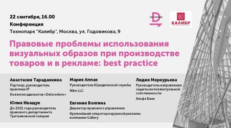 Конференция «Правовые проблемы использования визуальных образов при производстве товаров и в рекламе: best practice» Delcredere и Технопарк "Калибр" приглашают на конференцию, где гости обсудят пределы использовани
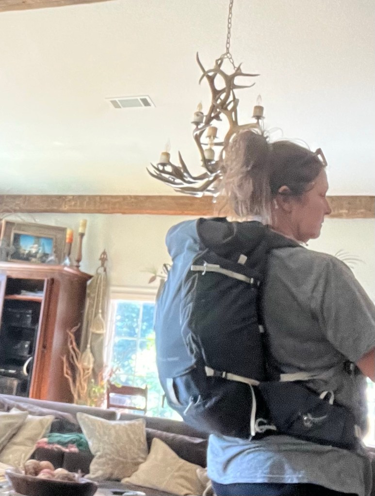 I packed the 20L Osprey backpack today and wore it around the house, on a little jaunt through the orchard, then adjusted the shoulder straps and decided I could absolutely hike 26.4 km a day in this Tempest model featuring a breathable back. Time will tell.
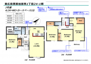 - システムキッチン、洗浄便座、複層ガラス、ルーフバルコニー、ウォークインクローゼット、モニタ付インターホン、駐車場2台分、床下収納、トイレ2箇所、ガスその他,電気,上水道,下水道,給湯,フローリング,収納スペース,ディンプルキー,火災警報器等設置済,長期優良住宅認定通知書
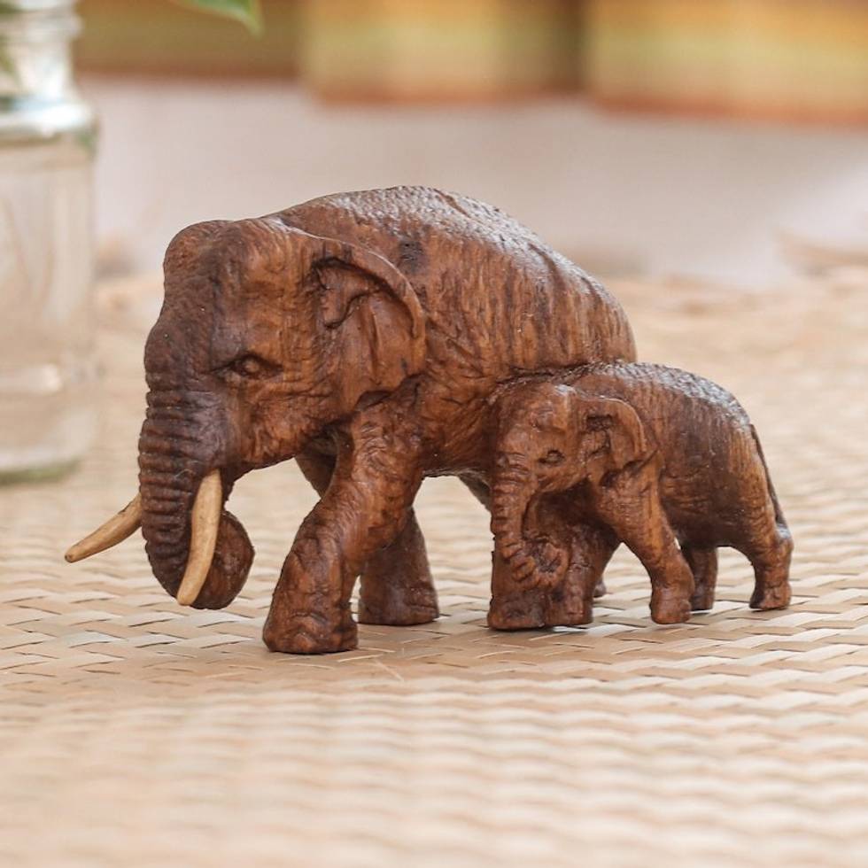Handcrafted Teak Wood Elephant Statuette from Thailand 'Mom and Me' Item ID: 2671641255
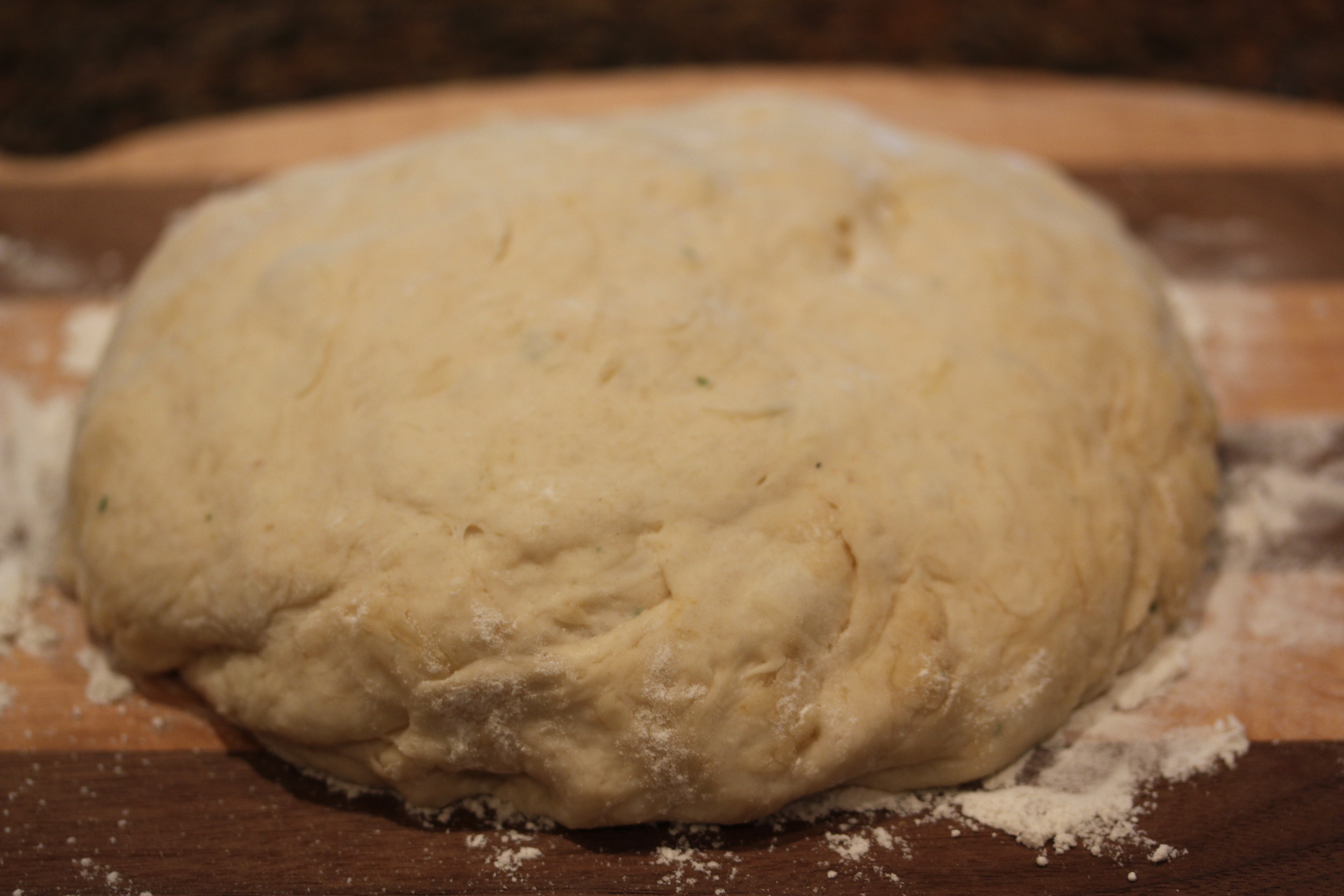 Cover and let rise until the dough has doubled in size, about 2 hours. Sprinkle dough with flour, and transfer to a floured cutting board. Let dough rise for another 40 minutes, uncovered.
━━━━━━━━━━━━━━━━━━━━
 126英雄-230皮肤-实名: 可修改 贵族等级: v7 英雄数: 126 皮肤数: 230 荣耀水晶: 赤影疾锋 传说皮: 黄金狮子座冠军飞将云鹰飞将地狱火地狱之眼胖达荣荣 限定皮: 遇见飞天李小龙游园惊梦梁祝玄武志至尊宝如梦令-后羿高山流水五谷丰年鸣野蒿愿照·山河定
━━━━━━━━━━━━━━━━━━━━
*About this task:* What is needed is an exact copy of the lines above from the one with "обсудят пределы использовани" to the one with "Cover and let", both ends kept, and nothing more; please leave the pictures out.

*Task response:*
 Конференция «Правовые проблемы использования визуальных образов при производстве товаров и в рекламе: best practice» Delcredere и Технопарк "Калибр" приглашают на конференцию, где гости обсудят пределы использовани
 I packed the 20L Osprey backpack today and wore it around the house, on a little jaunt through the orchard, then adjusted the shoulder straps and decided I could absolutely hike 26.4 km a day in this Tempest model featuring a breathable back. Time will tell.
 - システムキッチン、洗浄便座、複層ガラス、ルーフバルコニー、ウォークインクローゼット、モニタ付インターホン、駐車場2台分、床下収納、トイレ2箇所、ガスその他,電気,上水道,下水道,給湯,フローリング,収納スペース,ディンプルキー,火災警報器等設置済,長期優良住宅認定通知書
Handcrafted Teak Wood Elephant Statuette from Thailand 'Mom and Me' Item ID: 2671641255
 Cover and let rise until the dough has doubled in size, about 2 hours. Sprinkle dough with flour, and transfer to a floured cutting board. Let dough rise for another 40 minutes, uncovered.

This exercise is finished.